Global privacy experts hold “landmark” meeting in Manila to discuss Asian State surveillance
Manila, Philippines – A group of privacy and human rights experts from across Asia met this weekend to discuss developments in surveillance. The meeting, hosted by the Foundation for Media Alternatives (FMA) and Privacy International, brought together advocates and experts from Thailand, Pakistan, India, Indonesia and the Philippines to share their experience of campaigning against State surveillance, an increasing threat to human rights in the region.
Privacy International’s Legal Director, Carly Nyst, called the meeting a “landmark” moment in the history of the privacy movement: “For too long we’ve heard Asian governments assert the false premise that their citizens don’t value privacy as a means to justify increasing intrusions into individuals’ lives, particularly via the internet. This meeting is an important sign to these governments that unrestrained surveillance is not only unacceptable to the Asian peoples, but that States will be held to account for their failures to comply with international human rights standards.”
SIM card Registration
The meeting comes at an important time, as the Philippines considers introducing SIM card registration policy that has been long criticised by privacy advocates across the world. Al Alegre, Executive Director of FMA, said: “We believe that addressing crimes is a legitimate concern of the State but we should also rethink how this policy could be a violation of our citizen’s right to privacy.”
The privacy experts shared their experiences of fighting against similar State policies. According to Nighat Dad of Digital Rights Foundation Pakistan, “SIM cards registered when it falls into the wrong hands can wrongfully implicate innocent citizens. It also gives the State, like in the case of Pakistan, to have a new tool for monitoring citizens.”
It is also good to note that most countries in Asia don’t have data protection laws that could help secure the collected information from SIM card registration.

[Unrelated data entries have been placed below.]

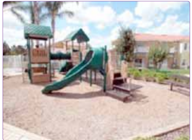
Şekil 17. Geleneksel çocuk oyun alanı (Url- 8).

Çağdaş Oyun Alanları, 1950-1960’lı yıllarda geleneksel çocuk oyun alanlarına alternatif olarak ortaya çıkan oyun elamanlarının alışılmamış form, doku ve renkte olduğu, estetik açıdan memnun edici oyun alanlarıdır (Aydemir ve diğ., 2004). Maliyetleri yüksek olduğundan sayıları azdır. Arazi form olarak hareketli, malzemeler ise statiktir. Su ve fiskiyeler, tırmanma tepeleri, tüneller, iple oluşturulmuş aktiviteler genel karakteri oluşturur (Ergen, 2000). Oyun elemanları beton, fiberglas ve ahşap malzemeden, canlı renklerde, kaplumbağa, balık, gemi vb.çekici biçimde ve heykelsidir (Aydemir ve diğ., 2004 ). Çağdaş oyun alanlarının amacı, yarattıkları or-
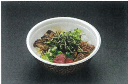
上まぶし井 2,180円(税込2,354円)
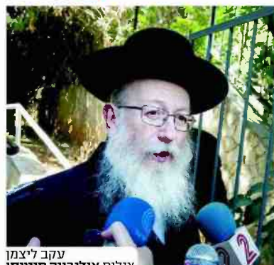
עקב ליצמן

כל אחד מוזמן לקרוא בספרות ולגלות שהנזקים הללו הם בלתי הפיכים. לא אמרנו שיהפוך לצמח, וגם היום יש בעיות שהן אולי לא בשוטף ביומיום, אבל הן קיימות. הקלות הבלתי נסבלת של הלעג ולפרש דברים שלא מכירים לפעמים גורמת לי לשאול את עצמי מה זו עיתונות?"
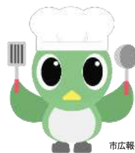
市広報キャラクター 「Mジロ」
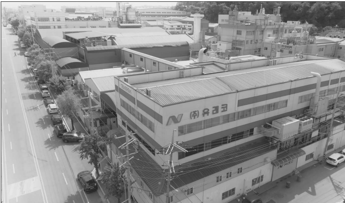
▲ 유래코 회사 전경

유래코의 시작은 우유 뚜껑에서부터 비롯됐다. 1960년대 우유를 병에다 넣어 소비할 당시 뚜껑의 재료는 비닐이 아닌 종이였다. 마개 역할을 하는 지전(紙錢)으로 뚜껑을 씌웠는데 일본에서는 열수축필름이 최초로 나와 마개에 덧씌
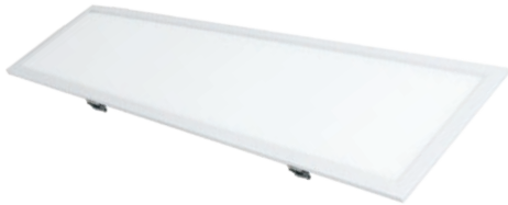
נתונים טכניים 300x1200mm - טכנולוגיית BACKLIGHT גוון אור משתנה
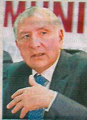
El funcionario dice que no transgrede llamado del INE.

“Yo no estoy haciendo campaña, vengo a un evento oficial. La gobernabilidad se construye todos los días”, explicó el secretario.
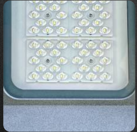
Difusor de acrílico policarbonato
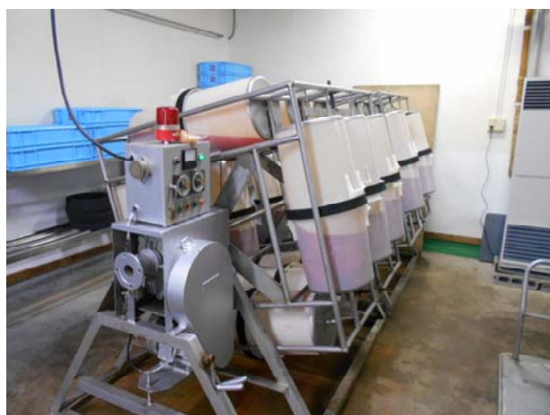
《たらこの漬け込み工程》
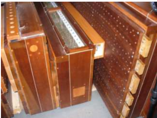
Les sommiers de Wolf restaurés

Les sommiers de Wolf ont été restaurés à l'identique. Les nouveaux sommiers du Grand orgue ont été réalisés en copie des sommiers de Wolf, avec une essence de bois voisine de l'acajou utilisé. Les sommiers « unit » sont de conception moderne.
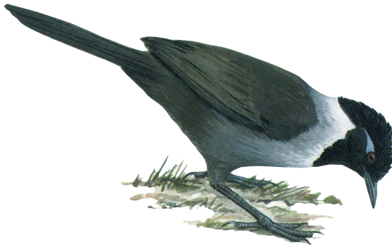
Khướu đầu đen Garrulax milleti
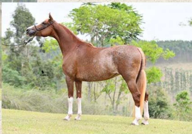
sua mãe, Coxilha CASS
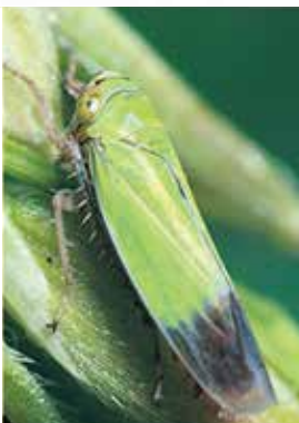
ツマグロヨコバイ
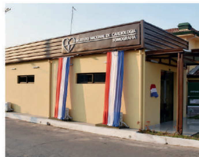
Instituto de Cardiología mejora atención con apoyo de la EBY.

Cyber Martial Law everywhere in Asia
Enacting laws on computer crimes or cybercrimes to implement blanket data retention policies is also trending in the region, and it’s the military and law enforcement agencies that seem to have great interest in this.
In Thailand the computer-related crime act has long been in question wherein data can be used to prosecute “enemies” of the State. Art Suriyawongkul of Thai Netizen Network said, “The ‘national security’ reason has often times been used as an excuse for cases to ‘accelerate’ prosecution process without regard to civil rights.”
Philippine Internet Freedom Alliance legal counsel Marnie Tonson reiterated that blanket data retention such as what the Philippine Cybercrime Prevention Act imposes, is actually mass surveillance. “This is contrary to the United Nations’ recent resolution on the Right to Privacy in the Digital Age,” he said.
Surveillance Asian States
India, an emerging leader in information and communications technology (ICT) in Asia is also increasingly becoming a big surveillance state, installing huge surveillance systems – including biometric capture of all citizens, centralized wiretaps, and 10-year data retention, shared Center for Internet and Society.
Whayudi Djafar of ELSAM Indonesia also expressed worry on the lack of transparency by Indonesian government on its surveillance practices. “The Indonesian parliament must use its function to check and balance intelligence agencies specially in employing surveillance policies,” he said.
The meeting concluded with a vow of advocates to continue on the struggle against mass surveillance and to keep on reminding Asian governments to uphold the right to privacy of its peoples.